§ Task goal
Go through the material below and return each line with the string "small" in it.

§ Input
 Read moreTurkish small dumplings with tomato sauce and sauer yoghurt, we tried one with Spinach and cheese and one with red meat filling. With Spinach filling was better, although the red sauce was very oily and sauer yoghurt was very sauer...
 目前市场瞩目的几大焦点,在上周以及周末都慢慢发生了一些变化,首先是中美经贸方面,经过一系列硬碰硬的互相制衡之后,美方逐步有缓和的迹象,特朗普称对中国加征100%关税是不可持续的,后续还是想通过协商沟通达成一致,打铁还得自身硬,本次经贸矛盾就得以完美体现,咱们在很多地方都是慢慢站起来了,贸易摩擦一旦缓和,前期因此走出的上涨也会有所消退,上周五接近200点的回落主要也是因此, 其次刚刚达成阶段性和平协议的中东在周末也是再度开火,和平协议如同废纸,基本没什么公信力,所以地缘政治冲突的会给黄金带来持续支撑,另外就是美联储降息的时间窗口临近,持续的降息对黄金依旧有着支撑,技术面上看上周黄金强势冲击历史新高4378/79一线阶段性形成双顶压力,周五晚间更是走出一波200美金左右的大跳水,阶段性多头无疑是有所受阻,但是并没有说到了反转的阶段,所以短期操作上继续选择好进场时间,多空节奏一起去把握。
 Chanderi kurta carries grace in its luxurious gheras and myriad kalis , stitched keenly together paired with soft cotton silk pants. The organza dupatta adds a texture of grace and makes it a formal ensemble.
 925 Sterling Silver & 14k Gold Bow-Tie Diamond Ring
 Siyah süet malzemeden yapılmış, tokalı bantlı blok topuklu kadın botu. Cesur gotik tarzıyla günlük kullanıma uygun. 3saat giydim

...

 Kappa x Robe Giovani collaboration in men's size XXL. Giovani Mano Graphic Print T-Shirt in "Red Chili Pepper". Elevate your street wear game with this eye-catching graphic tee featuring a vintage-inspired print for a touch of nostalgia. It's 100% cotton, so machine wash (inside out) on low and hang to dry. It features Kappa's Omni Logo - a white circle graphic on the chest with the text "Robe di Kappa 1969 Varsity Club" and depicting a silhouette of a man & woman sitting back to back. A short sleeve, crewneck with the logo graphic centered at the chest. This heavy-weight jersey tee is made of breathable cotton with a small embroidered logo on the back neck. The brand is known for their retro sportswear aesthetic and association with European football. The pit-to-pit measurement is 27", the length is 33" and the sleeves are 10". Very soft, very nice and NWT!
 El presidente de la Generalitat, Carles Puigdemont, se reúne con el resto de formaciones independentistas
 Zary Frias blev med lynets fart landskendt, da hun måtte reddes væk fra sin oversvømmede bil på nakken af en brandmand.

§ Output of the task
 Read moreTurkish small dumplings with tomato sauce and sauer yoghurt, we tried one with Spinach and cheese and one with red meat filling. With Spinach filling was better, although the red sauce was very oily and sauer yoghurt was very sauer...
 Kappa x Robe Giovani collaboration in men's size XXL. Giovani Mano Graphic Print T-Shirt in "Red Chili Pepper". Elevate your street wear game with this eye-catching graphic tee featuring a vintage-inspired print for a touch of nostalgia. It's 100% cotton, so machine wash (inside out) on low and hang to dry. It features Kappa's Omni Logo - a white circle graphic on the chest with the text "Robe di Kappa 1969 Varsity Club" and depicting a silhouette of a man & woman sitting back to back. A short sleeve, crewneck with the logo graphic centered at the chest. This heavy-weight jersey tee is made of breathable cotton with a small embroidered logo on the back neck. The brand is known for their retro sportswear aesthetic and association with European football. The pit-to-pit measurement is 27", the length is 33" and the sleeves are 10". Very soft, very nice and NWT!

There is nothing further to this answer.